You can forgive Gadot for not knowing exactly how it all will work. This is the first lead role for the 31-year-old former Israeli Defense Forces combat instructor. She was a model and actress best known for her recurring part in the Fast & Furious movies when she was cast as Wonder Woman. “We did castings for months and months,” says Snyder. “There were two things that were important to us: Obviously, we needed an amazing actor. But we also wanted an amazing person. A lot of kids can’t distinguish between actor and character, and we wanted to make sure that whoever we chose would be the perfect representation. Gal actually did the test with Ben [Affleck, who played Batman in Batman v Superman: Dawn of Justice], and she went toe to toe—she was tough and feisty. There was just something about her, this inexplicable magical quality that everybody saw.” There was immediate chemistry between star and director, too. “We had so many creative conversations about the characters and the relationship between the characters, and how the story should evolve,” says Gadot a few months after filming has wrapped. “Patty and I truly became BFFs on this project—and for life.”
The fans don’t really need any winning over at this point. When the Batman v Superman movie was released to terrible reviews last year, critics recognized Wonder Woman as the movie’s only redeeming part. “Ben Affleck’s Got the Cool Car, But Wonder Woman Steals the Show” declared TheWrap; “How Wonder Woman Steals the Spotlight in Batman v Superman” was a headline in Time. She’s already saved the day, and we’re still months away from Wonder Woman hitting the box office.

Wonder Woman is a 75-year-old icon, but most of us know very little about her history or her as a character. The most famous depiction is the campy mid-’70s television series starring Lynda Carter clad in a bright red, white, and blue strapless bathing suit.

But the story of the original Wonder Woman stretches back to 1941, when psychologist and lie-detector pioneer William Moulton Marston created the heroine, basing her in part on a combination of two different women: his wife and his lover, both of whom he lived with in a polyamorous relationship. In the beginning, the visual of a woman warrior fighting bad guys was radical enough, and by the 1970s, feminists saw Wonder Woman as their hero. In the mid-’70s, we got the TV show. It wasn’t until nearly four decades later, in 2013, that Warner Bros.,

which owns the rights to the character owned by DC Comics, was ready to reintroduce Wonder Woman.

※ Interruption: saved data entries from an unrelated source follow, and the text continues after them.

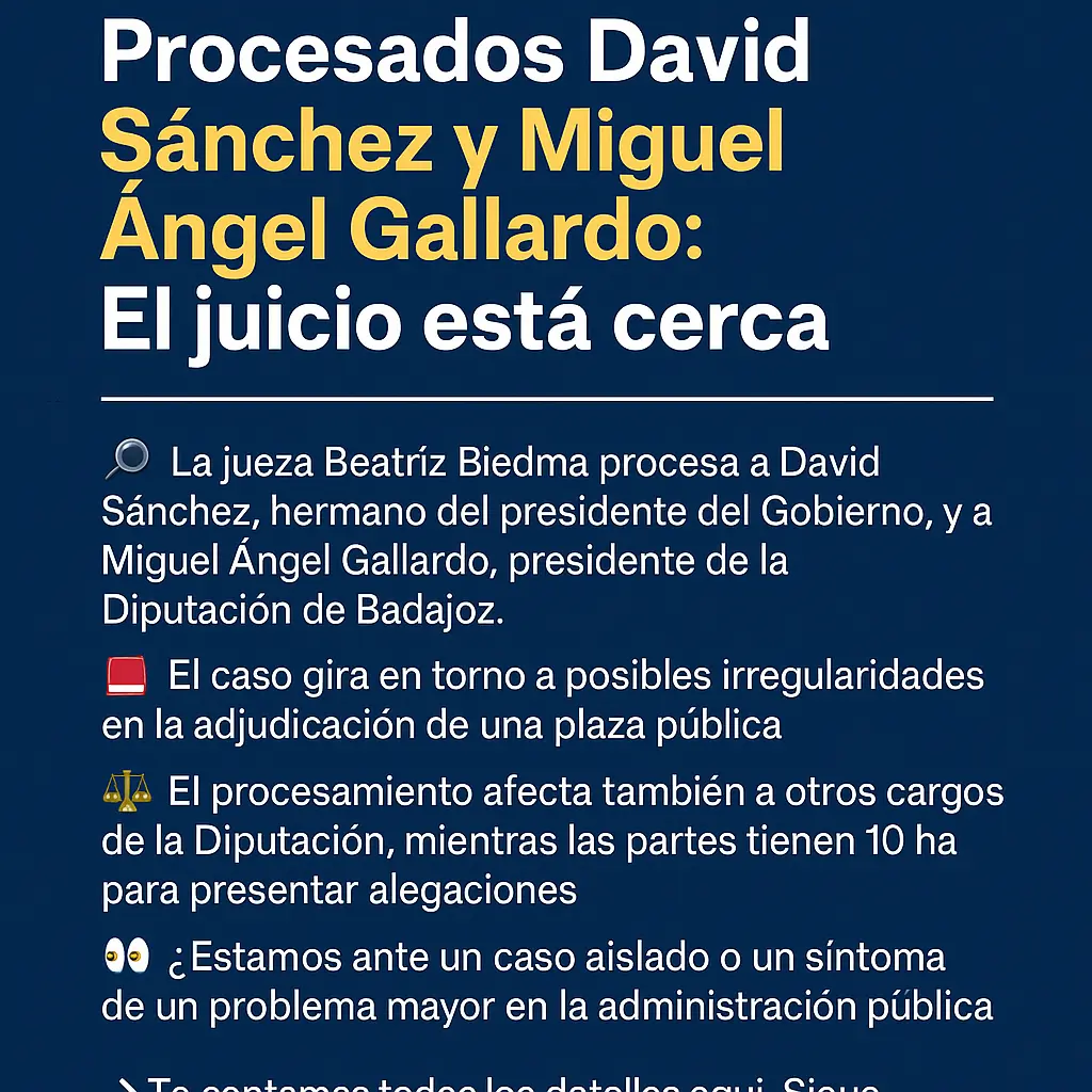 La jueza Beatriz Biedma ha decidido procesar a David Sánchez, y a Miguel Ángel Gallardo, presidente de la Diputación de Badajoz. Esta resolución representa un paso crucial antes de la apertura formal del juicio oral en un caso relacionado con la adjudicación de la plaza de coordinador de Artes Escénicas.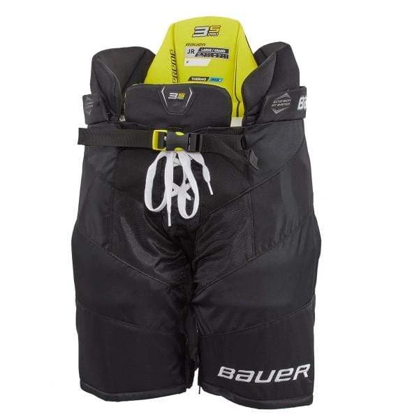 The Bauer Supreme 3S Hockey Pant is built for the competitive player seeking comfort, a classic fit, and affordable protection. Whether a player is digging along the boards or skating through heavy traffic, the 3S Pant offers hard molded plastic and thick standard foam to cover each impact area. With a new Flex Forward design on the kidney guards and a free-moving spine guard, players can get deeper into their stride and turns for more power output while knowing their protection stays where it needs to be. An internal belt adds to that security by keeping the pants locked on the hips during gameplay. Bauer included a 1″ extension system, giving the pants the ability to extend for the quickly growing player or tall/skinny individual. Each leg also features a zippered opening, offering more volume around the thighs for a spacious fit. Internally, players can expect to find Bauer’s Thermo Max liner, which is super soft and comfortable while offering great sweat and moisture management.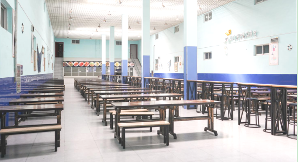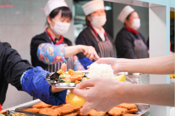 食堂酒店式管理、微笑式服务、星级大厨,设有多种窗口,包括回民窗口、病号窗口等,为学生们提供可口的饭菜,食堂卫生严格把关,饭菜营养搭配合理,饭后有水果、甜点提供,饮食原料统一由河北军粮提供。

Much has changed in Hollywood, as Jenkins points out: The success of billion-dollar blockbusters like The Hunger Games and Frozen challenges the conventional wisdom that only young men go to the movies. In the year leading up to the release, trailers have depicted Amazons gliding into battle, Wonder Woman hurling men across the screen, German soldiers running through the woods, and poignant moments between our hero and her mother. They promise thrilling action, beautifully shot landscapes, even humor and romance. And they have drummed up epic excitement.

The movie looks good. Heart-racingly, fist-pumpingly, this-is-going-to-be-f*cking-awesome good.

And it comes at a time when many women are redrawing the battle lines in the wake of last year’s election, when Americans handed the presidency to a man who bragged about grabbing women “by the pussy” rather than elect the country’s first female commander in chief. Other than the fun, cathartic escapism that comes with watching a woman kick some serious ass, there are still fundamental questions about how women will reach the highest corridors of power and what it will look like once we get there. Wonder Woman, we’re waiting for you. mt
"THE AMAZONS WOULDN'T BE REVELING IN OR TAKING GLORY IN THE BRUTALITY.

THEY WOULD JUST BE GETTING THINGS DONE."